Supplied records
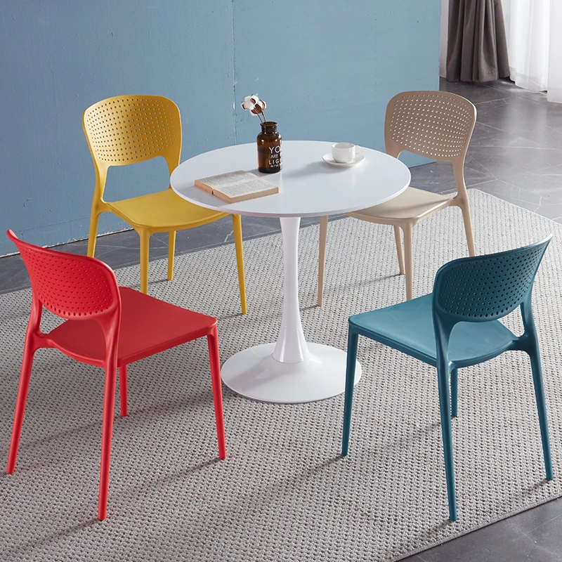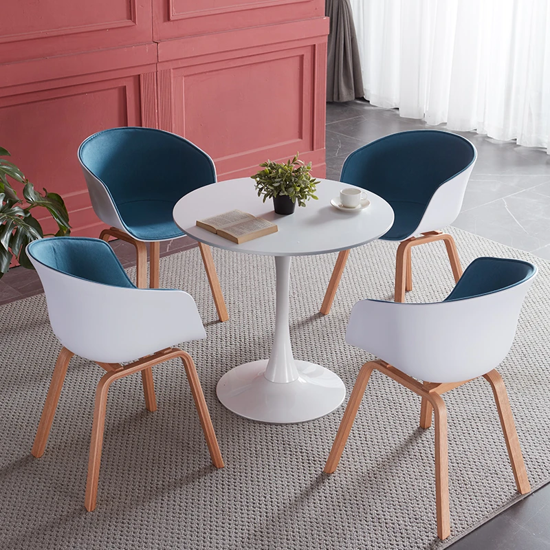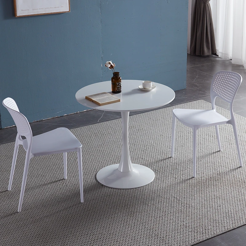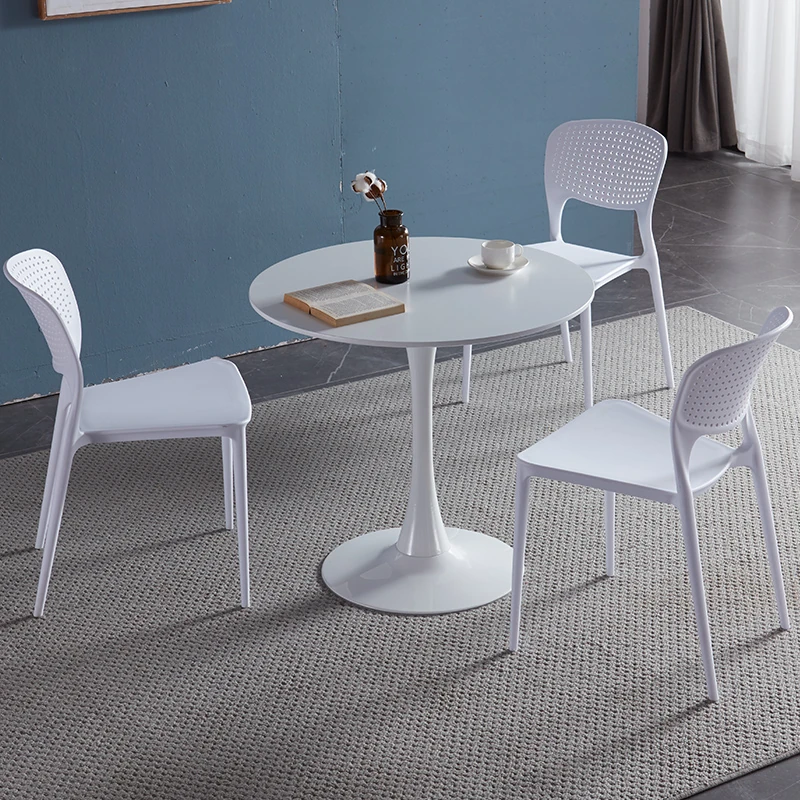 Modern Round Table and Chair Set for Mobile Stores and Reception Areas - Minimalist White Plastic Design, Perfect for Home and Business Use
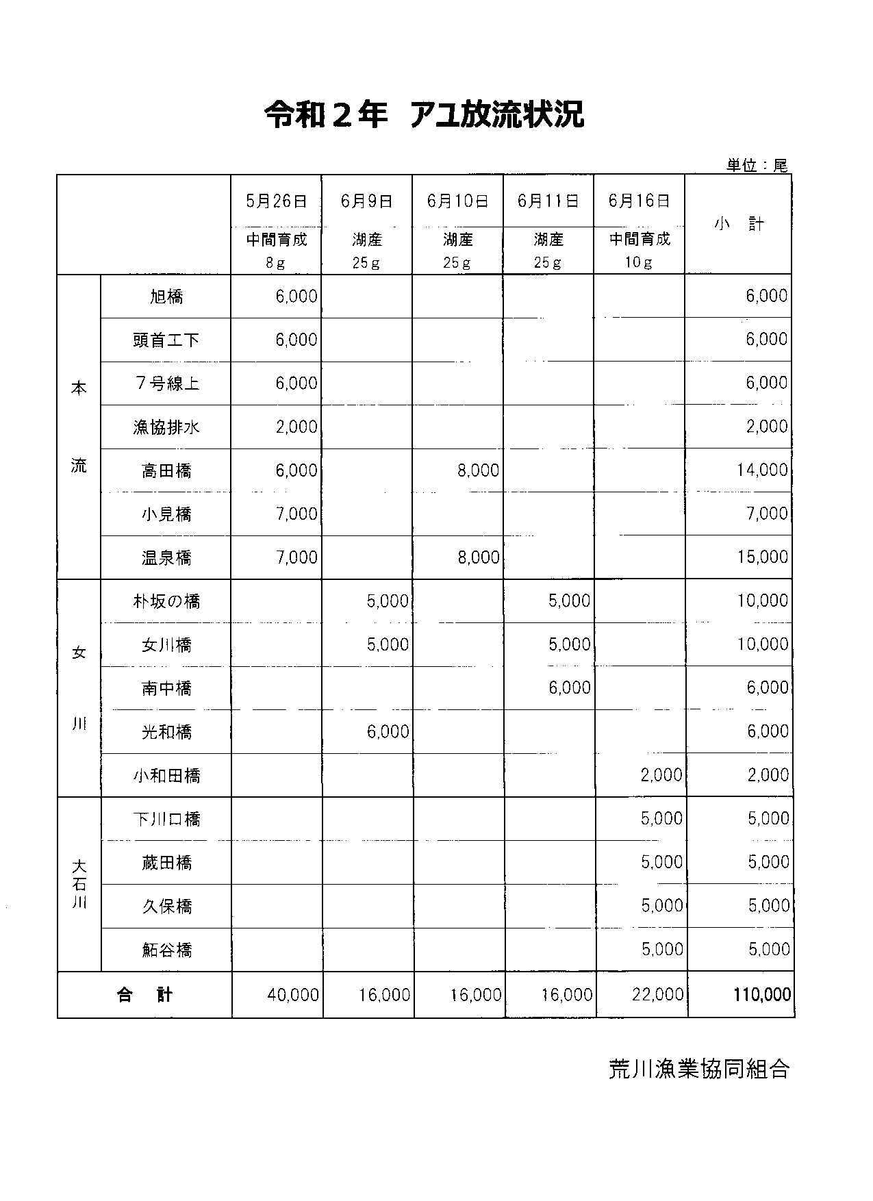 北越後の荒川にも鮎のシーズンがやって来ました。コロナに振り回されて、どうなる事かと懸念していましたが県境を越えての往来ができる様になったので一安心。今年の解禁日は平日(7月1日)なので静かな解禁日を迎える事でしょう。下記に今年の放流数が記載されていますが、昨年と比較すれば女川に放流した鮎の殆どが湖産の25gの鮎です。大きい湖産鮎の効果か昨年の女川では解禁日に100匹を釣った釣師もあって好評でした。荒川漁協では昨年は湖産を13.000尾の放流でしたが、今年は32.000尾と倍以上の放流です。解禁当初から楽しい釣りができるでしょう。荒川の温泉橋と高田橋にも放流されましたので初期の荒川では放流場所近くがオススメです。天然遡上は昨年ほど多くはない様ですが、積雪が少なかったので水温が平年よりやや高くて、早い時期から遡上する鮎もいました。今年は雪代水が出なかった様な・・。夏の水不足と垢腐れが気になるところですが良いシーズンになる事を願いながら、親父の日記を書いてゆきたいと思います。今年も閲覧宜しくお願い致します。
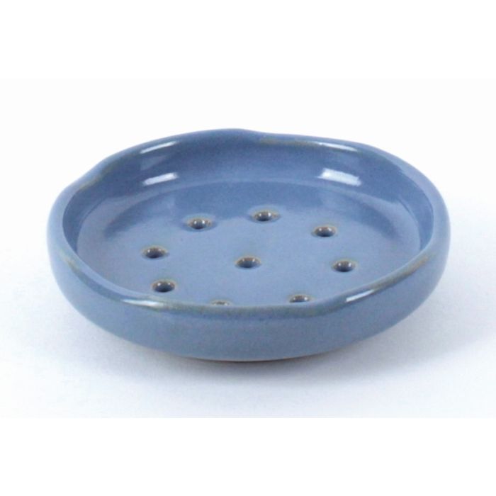 Bei unserer Vielzahl an Seifen findet Ihr bestimmt Euer neues Lieblingsstück. In dieser handgefertigten kreisrunden Seifenschale in graublau ist es gut aufgehoben. Durch die Löcher in der Schale kann überflüssiges Wasser ablaufen. So trocknet die Seife schneller und löst sich nicht auf.
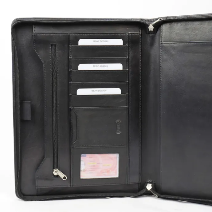 De Bear Design Cow Lavato schrijfmap is een essentiƫle aanvulling voor je kantoor of thuiswerkplek. De map maakt deel uit van de vernieuwende Cow Lavato collectie, die gebruikmaakt van een innovatieve leerbewerkingstechniek. Deze robuuste en stijlvolle schrijfmap biedt ruimte voor al je A4 documenten en laat zich eenvoudig combineren met je outfit.
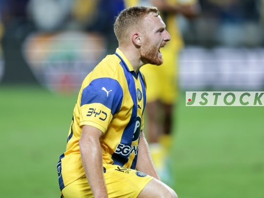 FBL-ISR Israeli Premier League Matchday 8 – Maccabi Tel Aviv (in yellow) vs. Hapoel Ironi Kiryat Shmona (in blue), October 27, 2025, Bloomfield Stadium, Tel Aviv, Israel.
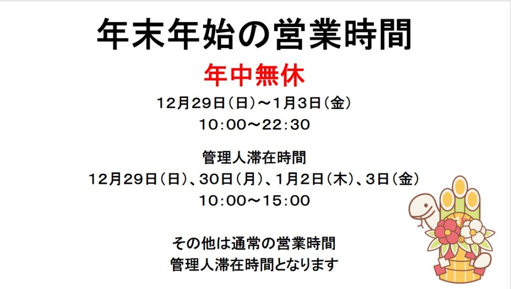 年末年始の営業時間は
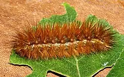 The range of plants on which a herbivorous insect feeds is known as its host range. This can be wide or narrow, but it never includes all plants. A small number of insects are monophagous, feeding on a single plant. The silkworm larva is one of these, with mulberry leaves being the only food consumed. More often, an insect with a limited host range is oligophagous, being restricted to a few closely related species, usually in the same plant family.[15] The diamondback moth is an example of this, feeding exclusively on brassicas,[16] and the larva of the potato tuber moth feeds on potatoes, tomatoes and tobacco, all members of the same plant family, Solanaceae.[17] Herbivorous insects with a wide range of hosts in various different plant families are known as polyphagous. One example is the buff ermine moth whose larvae feed on alder, mint, plantain, oak, rhubarb, currant, blackberry, dock, ragwort, nettle and honeysuckle.[18]
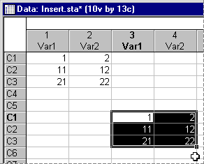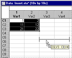 To insert a block between columns or rows, point to the border of the selection (the mouse pointer changes to an arrow), then drag the selection while pressing the SHIFT key. If you point between rows, an insertion bar appears between the rows, and when you release the mouse button, the block is inserted between those two rows [creating new case(s)]. If you point the cursor between columns, an insertion bar appears between the columns, and when you release the mouse button, the block is inserted between those two columns [creating new variable(s)]. Note that if you also press the CTRL key while you are dragging the selection, the block is copied and inserted instead of moved and inserted; a plus appears next to the arrow-cursor, as shown in the illustration below.
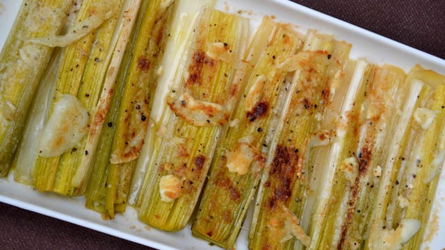 Disposez les poireaux dans un plat à gratin, faites réduire un peu le jus de cuisson et versez-en un peu sur les poireaux.
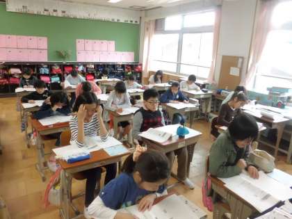 全国学力・学習状況調査がありました。このテストに向けて復習をしている子どもたちも多く,一生懸命取り組んでいました。終わった後には「疲れた—!」とやりきった表情を見せてくれました。
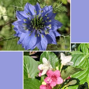 💠青いニゲラの花 去年はつぼみの青さに騙されてたら白いニゲラでした! 今年も白なんだろうと思っていたら 本当に青かった💠 嬉しい! 残っててくれたんだね😄 下のは、ハコネウツギの花 🤍→🩷️→❤に色変化するのが可愛いわー💖
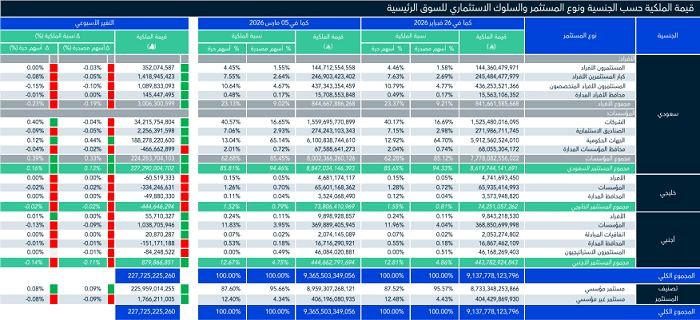وارتفعت قيمة ملكية المستثمرين الأجانب خلال الأسبوع الماضي إلى 444.66 مليار ريال، مقابل 443.78 مليار ريال بالأسبوع السابق، المنتهي في 26 فبراير 2026.
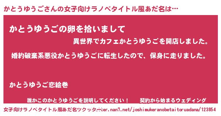 | 男性向けラノベタイトル風あだ名 | 『カトウユウゴスレイヤー』 |
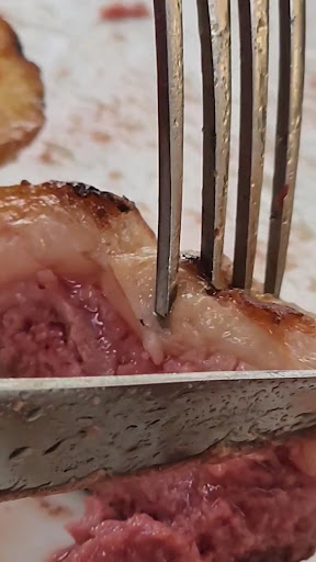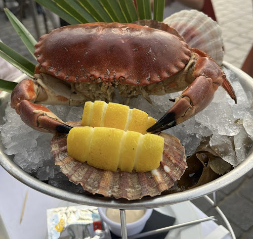 We had oysters and iberian ham. Both of these were really good. But then the main course, one of us had the crab ( €25,- ) which u get with a small cup of mayonnaise. U only get 2 claws and a few legs, the rest was empty or not included, also the mayonnaise was not a good combination. We also all had fries as a side dish but only the crab had mayonnaise, when we asked for more he sighed and said we already had mayonnaise. He then came back with another small cup for only one person. The rest had steak ( €32,- ) which was undercooked. My friend asked for medium but got almost rare instead, also 40% of the steak was just fat so not chewable. Service was lower then expected. We wanted to take our time to eat but got asked if we were ready to order repeatedly in 15 minutes. When we did not know what to order the waiter sighed or rolled his eyes. He did not have professional attitude at all which made it quite uncomfortable at times. One of the staff members was also vaping inside and on the terrace. The toilets can’t lock from inside but were clean. The location is great but not really...
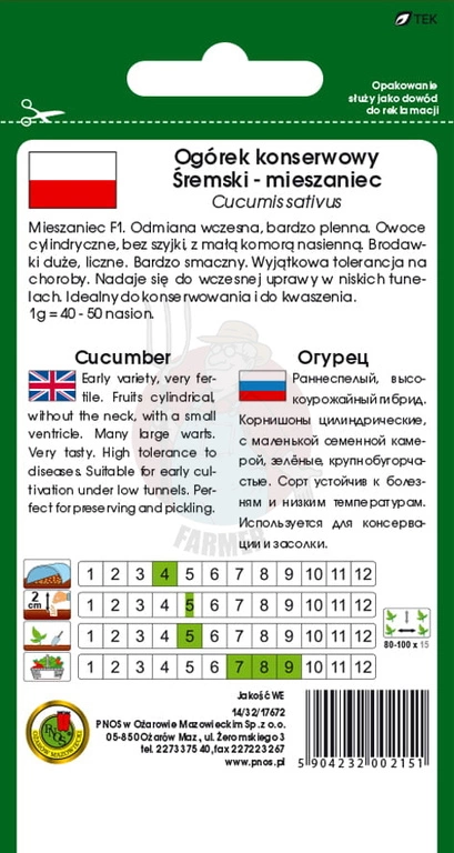 Odmiana wczesna, bardzo plenna, o dużej tolerancji wobec chorób. Polecana do uprawy na wczesny zbiór w niskich, nieogrzewanych tunelach. Owoce cylindryczne, bez szyjki, o nasadzie lekko zaokrąglonej, z małą komorą nasienną. Brodawki duże, liczne. Polecany do konserwowania i do kwaszenia. Odmiana bardzo popularna na rynku. Przeznaczona do konserwowania i kwaszenia.
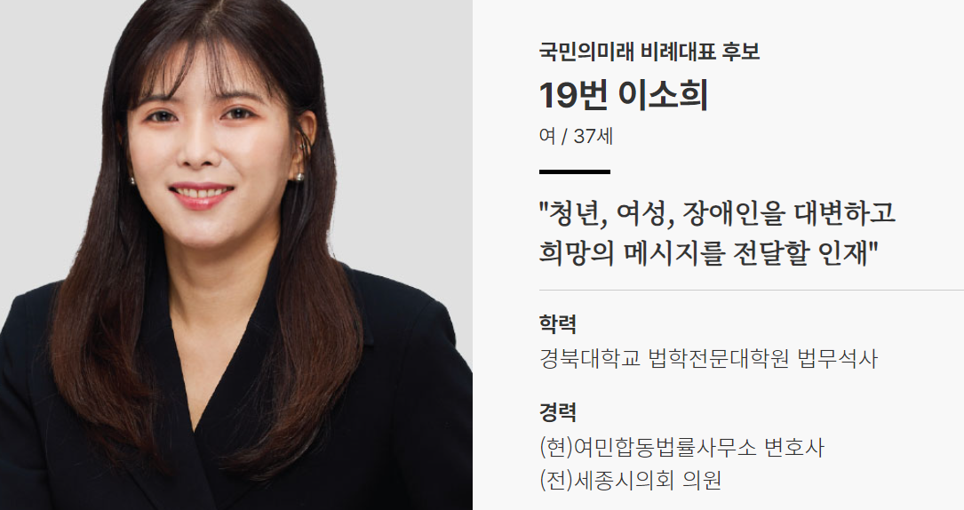 비례 1번은 최보윤이며 45세로서 한국장애인 고용공단 인권경영위원등을 맡았습니다. 비례 2번은 박충권이며 38세로 현대제철 책임연구원등을 맡았습니다.
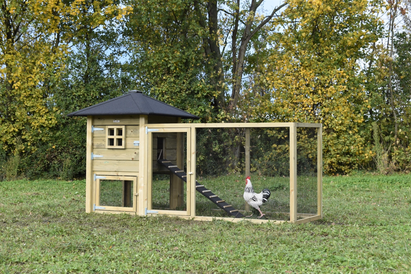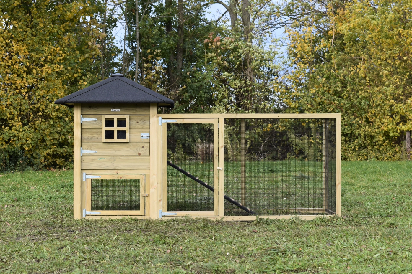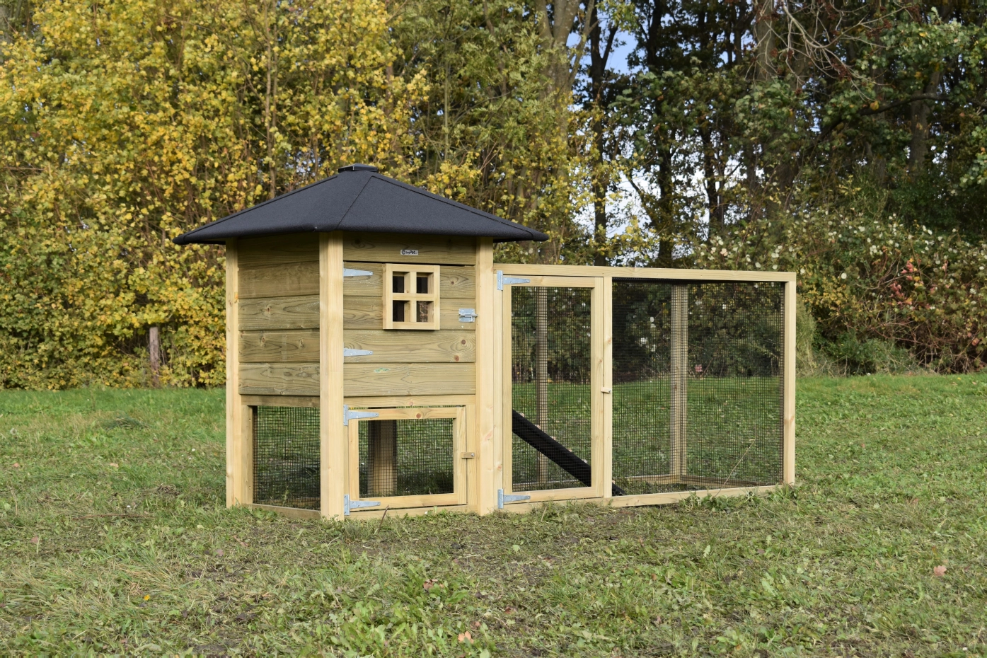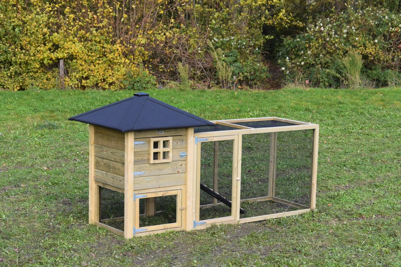 Rabbit hutch Rosy with additional run is a beautiful hutch. The hutch can be cleaned very easily because of the large door on the frontside. The large run offers a lot of space for your rabbits. High quality for a low price!
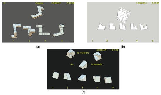At the moment, there are three types of tests in the application: the MRT, MCT, and PSVT test types, although the Heinrich Spatial Visualization Test [41] is in process of being implemented in it. The MRT, MCT, and PSVT test types are shown in Figure 1.

What this task involves
Write out the material above exactly. Skip the pictures.

Answer box
 Modern Round Table and Chair Set for Mobile Stores and Reception Areas - Minimalist White Plastic Design, Perfect for Home and Business Use
 北越後の荒川にも鮎のシーズンがやって来ました。コロナに振り回されて、どうなる事かと懸念していましたが県境を越えての往来ができる様になったので一安心。今年の解禁日は平日(7月1日)なので静かな解禁日を迎える事でしょう。下記に今年の放流数が記載されていますが、昨年と比較すれば女川に放流した鮎の殆どが湖産の25gの鮎です。大きい湖産鮎の効果か昨年の女川では解禁日に100匹を釣った釣師もあって好評でした。荒川漁協では昨年は湖産を13.000尾の放流でしたが、今年は32.000尾と倍以上の放流です。解禁当初から楽しい釣りができるでしょう。荒川の温泉橋と高田橋にも放流されましたので初期の荒川では放流場所近くがオススメです。天然遡上は昨年ほど多くはない様ですが、積雪が少なかったので水温が平年よりやや高くて、早い時期から遡上する鮎もいました。今年は雪代水が出なかった様な・・。夏の水不足と垢腐れが気になるところですが良いシーズンになる事を願いながら、親父の日記を書いてゆきたいと思います。今年も閲覧宜しくお願い致します。
 Bei unserer Vielzahl an Seifen findet Ihr bestimmt Euer neues Lieblingsstück. In dieser handgefertigten kreisrunden Seifenschale in graublau ist es gut aufgehoben. Durch die Löcher in der Schale kann überflüssiges Wasser ablaufen. So trocknet die Seife schneller und löst sich nicht auf.
 De Bear Design Cow Lavato schrijfmap is een essentiƫle aanvulling voor je kantoor of thuiswerkplek. De map maakt deel uit van de vernieuwende Cow Lavato collectie, die gebruikmaakt van een innovatieve leerbewerkingstechniek. Deze robuuste en stijlvolle schrijfmap biedt ruimte voor al je A4 documenten en laat zich eenvoudig combineren met je outfit.
 FBL-ISR Israeli Premier League Matchday 8 – Maccabi Tel Aviv (in yellow) vs. Hapoel Ironi Kiryat Shmona (in blue), October 27, 2025, Bloomfield Stadium, Tel Aviv, Israel.
 年末年始の営業時間は
 The range of plants on which a herbivorous insect feeds is known as its host range. This can be wide or narrow, but it never includes all plants. A small number of insects are monophagous, feeding on a single plant. The silkworm larva is one of these, with mulberry leaves being the only food consumed. More often, an insect with a limited host range is oligophagous, being restricted to a few closely related species, usually in the same plant family.[15] The diamondback moth is an example of this, feeding exclusively on brassicas,[16] and the larva of the potato tuber moth feeds on potatoes, tomatoes and tobacco, all members of the same plant family, Solanaceae.[17] Herbivorous insects with a wide range of hosts in various different plant families are known as polyphagous. One example is the buff ermine moth whose larvae feed on alder, mint, plantain, oak, rhubarb, currant, blackberry, dock, ragwort, nettle and honeysuckle.[18]
 To insert a block between columns or rows, point to the border of the selection (the mouse pointer changes to an arrow), then drag the selection while pressing the SHIFT key. If you point between rows, an insertion bar appears between the rows, and when you release the mouse button, the block is inserted between those two rows [creating new case(s)]. If you point the cursor between columns, an insertion bar appears between the columns, and when you release the mouse button, the block is inserted between those two columns [creating new variable(s)]. Note that if you also press the CTRL key while you are dragging the selection, the block is copied and inserted instead of moved and inserted; a plus appears next to the arrow-cursor, as shown in the illustration below.
 Disposez les poireaux dans un plat à gratin, faites réduire un peu le jus de cuisson et versez-en un peu sur les poireaux.
 全国学力・学習状況調査がありました。このテストに向けて復習をしている子どもたちも多く,一生懸命取り組んでいました。終わった後には「疲れた—!」とやりきった表情を見せてくれました。
 💠青いニゲラの花 去年はつぼみの青さに騙されてたら白いニゲラでした! 今年も白なんだろうと思っていたら 本当に青かった💠 嬉しい! 残っててくれたんだね😄 下のは、ハコネウツギの花 🤍→🩷️→❤に色変化するのが可愛いわー💖
وارتفعت قيمة ملكية المستثمرين الأجانب خلال الأسبوع الماضي إلى 444.66 مليار ريال، مقابل 443.78 مليار ريال بالأسبوع السابق، المنتهي في 26 فبراير 2026.
 | 男性向けラノベタイトル風あだ名 | 『カトウユウゴスレイヤー』 |
 We had oysters and iberian ham. Both of these were really good. But then the main course, one of us had the crab ( €25,- ) which u get with a small cup of mayonnaise. U only get 2 claws and a few legs, the rest was empty or not included, also the mayonnaise was not a good combination. We also all had fries as a side dish but only the crab had mayonnaise, when we asked for more he sighed and said we already had mayonnaise. He then came back with another small cup for only one person. The rest had steak ( €32,- ) which was undercooked. My friend asked for medium but got almost rare instead, also 40% of the steak was just fat so not chewable. Service was lower then expected. We wanted to take our time to eat but got asked if we were ready to order repeatedly in 15 minutes. When we did not know what to order the waiter sighed or rolled his eyes. He did not have professional attitude at all which made it quite uncomfortable at times. One of the staff members was also vaping inside and on the terrace. The toilets can’t lock from inside but were clean. The location is great but not really...
 Odmiana wczesna, bardzo plenna, o dużej tolerancji wobec chorób. Polecana do uprawy na wczesny zbiór w niskich, nieogrzewanych tunelach. Owoce cylindryczne, bez szyjki, o nasadzie lekko zaokrąglonej, z małą komorą nasienną. Brodawki duże, liczne. Polecany do konserwowania i do kwaszenia. Odmiana bardzo popularna na rynku. Przeznaczona do konserwowania i kwaszenia.
 비례 1번은 최보윤이며 45세로서 한국장애인 고용공단 인권경영위원등을 맡았습니다. 비례 2번은 박충권이며 38세로 현대제철 책임연구원등을 맡았습니다.
 Rabbit hutch Rosy with additional run is a beautiful hutch. The hutch can be cleaned very easily because of the large door on the frontside. The large run offers a lot of space for your rabbits. High quality for a low price!
At the moment, there are three types of tests in the application: the MRT, MCT, and PSVT test types, although the Heinrich Spatial Visualization Test [41] is in process of being implemented in it. The MRT, MCT, and PSVT test types are shown in Figure 1.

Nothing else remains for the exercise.